*** Opening MATERIAL FOR THIS TASK ***

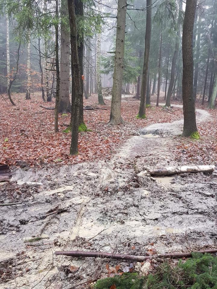 - Aktualizacja 5 listopada: Uprzątnięto trochę większych gałęzi po ostatnich wichurach. Trasa przejezdna. Dziś już nie padało, a momentami nawet było słońce. Niestety jest mokro. Zapraszamy wszystkich lubiących się ubrudzić :) Ścieżka otwarta, ale jest sporo liści - spadają codziennie w kosmicznej ilości.
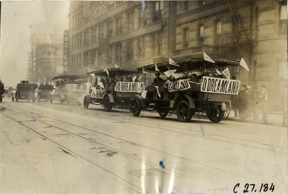Rear view of children and motorists in Manhattan trucks during the 1909 annual excursion for orphans sponsored by the Orphan's Automobile Day Committee of New York. Trucks are decorated with "Dreamland" pennants and "To Dreamland" banners. Approximately 1,800 children were taken on a trip to the Dreamland amusement park at Coney Island. Stamped on back: "Spooner & Wells, Inc., photographers, telephones 3472-3473 Columbus, 1931 Broadway, New York." Handwritten on back: "Tours--New York Orphans Day outing, 1909."
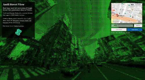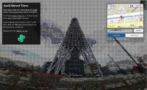 Googleストリートビューをアスキーアート化して見ることのできる「Ascii Street View」が話題になっています。WebGLを使用し、リアルタイムに画像処理を行っているようです。Webブラウザによっては上手く表示されない可能性があるため、Google ChromeやFirefox 8以降などが推奨されています。
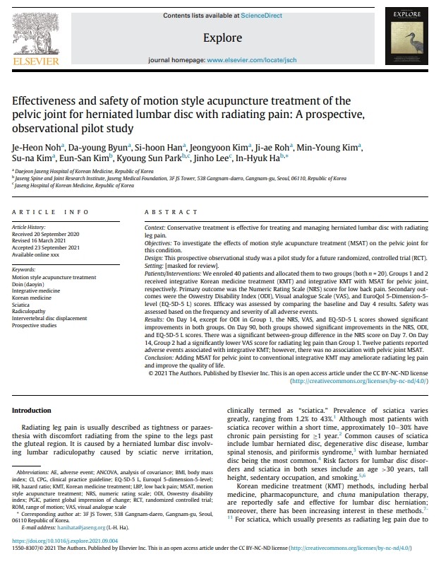 ▲‘Explore’ 2021년 10월호에 게재된 해당 연구논문「The effectiveness and safety of motion style acupuncture treatment on pelvic joint for herniated lumbar disc with radiating pain: A prospective, observational, pilot study」 |
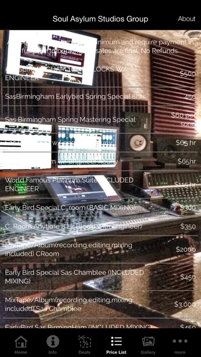 Soul Asylum Studios Atlanta aka "The Castle" is an amazing exclusive multi-use facility The Diamond Suite is a photography and videography studio.Its Platinum Suite recording studio with private lounge and bathroom is all ready world famous with a client list of who's who. Sas Atl Dance/Rehearsal is also the dance studio of choice from some of Atlanta and beyond, signed recording artist and choreographers. The Castle also has its own exercise gym (WITH SUANA AND LARGE STONE SHOWER INCLUDED) with free weights and heavy bag. Large custom conference room with its own private bathroom and a large 2 bedroom 2 bath private penthouse with full kitchen,laundry room,fireplace and 5 person marble Jacuzzi tube in master with walk in closets.The Sas Atl Sky Lounge is a all private 1500 square foot event rental space with bar,dj booth,dance floor and vip booths for exclusive parties and events. Soul asylum studios Atlanta, private,professional and A+ customer service!
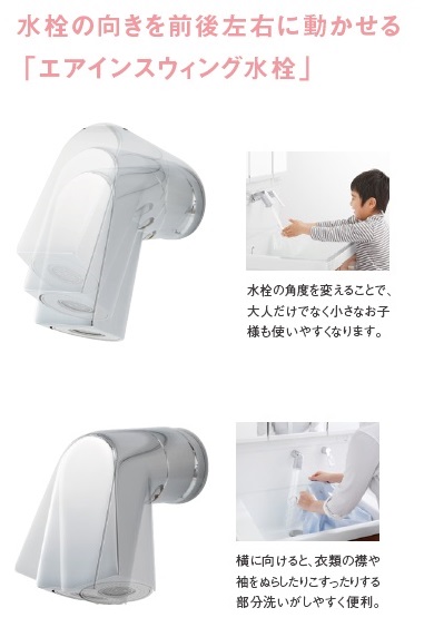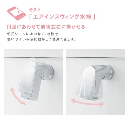 水栓の向きを前後左右に動かせ角度調整が可能になります♪
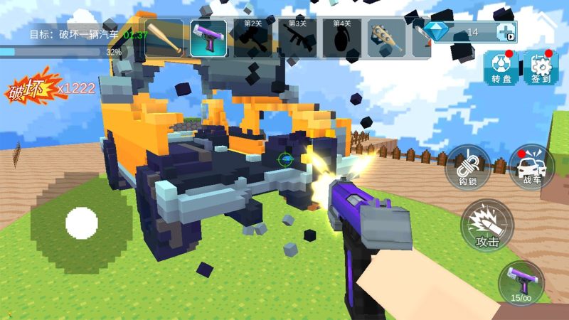 3.玩家可以驾驶战车进行疯狂的碰撞和碾压,还能解锁更多的方块和道具进行破坏。
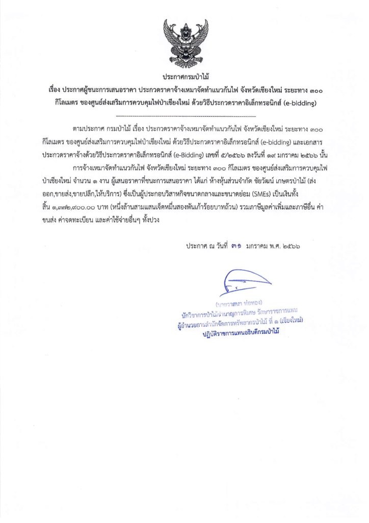 ประกาศกรมป่าไม้ เรื่อง ประกาศผู้ชนะการเสนอราคา ประกวดราคาจ้างเหมาจัดทำแนวกันไฟ จังหวัดเชียงใหม่ ระยะทาง ๓๐๐กิโลเมตร ของศูนย์ส่งเสริมการควบคุมไฟป่าเชียงใหม่ ด้วยวิธีประกวดราคาอิเล็กทรอนิกส์ (e-bidding)31 มกราคม 2023 ใน ประกาศจัดซื้อจัดจ้าง by adminir
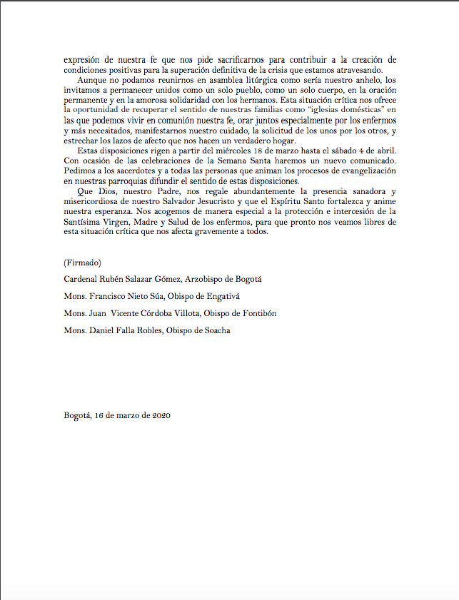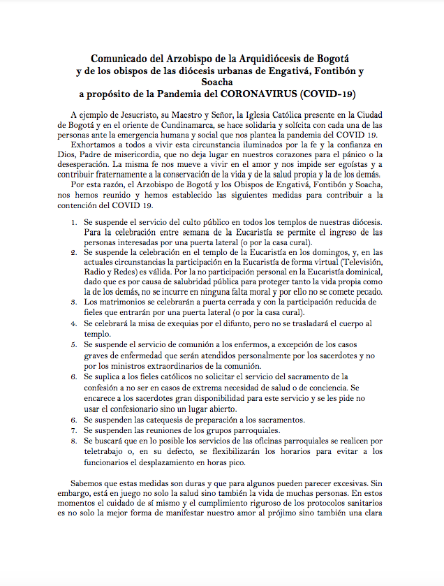Centro de información Yo quiero Noticias Boletines Eventos Artículos Canonización Mensajes del Señor Cardenal Cartas pastorales Homilías Mensajes La voz del pastor Documentos del Vaticano NoticiasSe suspende el servicio del culto público en todos los templos de Bogotá16 de Marzo de 2020Los obispos de las diócesis del territorio metropolitano de Bogotá (Engativá, Soacha y Fontibón) han dado a conocer un comunicado sobre la suspensión del culto público… Like 0 Dislike 0 Noticias relacionadas Nuestra fidelidad genera futuro ¡Feliz cumpleaños! Denunciemos

*** Closing MATERIAL FOR THIS TASK ***

# PROBLEM TO WORK ON:
Precisely those lines above that run from the line with "pilot study」 |" up to and including the line with "3.玩家可以驾驶战车进行疯狂的碰撞和碾压,还能解锁更多的方块和道具进行破坏。" are to be set down, with the pictures omitted.

# EXPECTED ANSWER:
 ▲‘Explore’ 2021년 10월호에 게재된 해당 연구논문「The effectiveness and safety of motion style acupuncture treatment on pelvic joint for herniated lumbar disc with radiating pain: A prospective, observational, pilot study」 |
 Soul Asylum Studios Atlanta aka "The Castle" is an amazing exclusive multi-use facility The Diamond Suite is a photography and videography studio.Its Platinum Suite recording studio with private lounge and bathroom is all ready world famous with a client list of who's who. Sas Atl Dance/Rehearsal is also the dance studio of choice from some of Atlanta and beyond, signed recording artist and choreographers. The Castle also has its own exercise gym (WITH SUANA AND LARGE STONE SHOWER INCLUDED) with free weights and heavy bag. Large custom conference room with its own private bathroom and a large 2 bedroom 2 bath private penthouse with full kitchen,laundry room,fireplace and 5 person marble Jacuzzi tube in master with walk in closets.The Sas Atl Sky Lounge is a all private 1500 square foot event rental space with bar,dj booth,dance floor and vip booths for exclusive parties and events. Soul asylum studios Atlanta, private,professional and A+ customer service!
 水栓の向きを前後左右に動かせ角度調整が可能になります♪
 3.玩家可以驾驶战车进行疯狂的碰撞和碾压,还能解锁更多的方块和道具进行破坏。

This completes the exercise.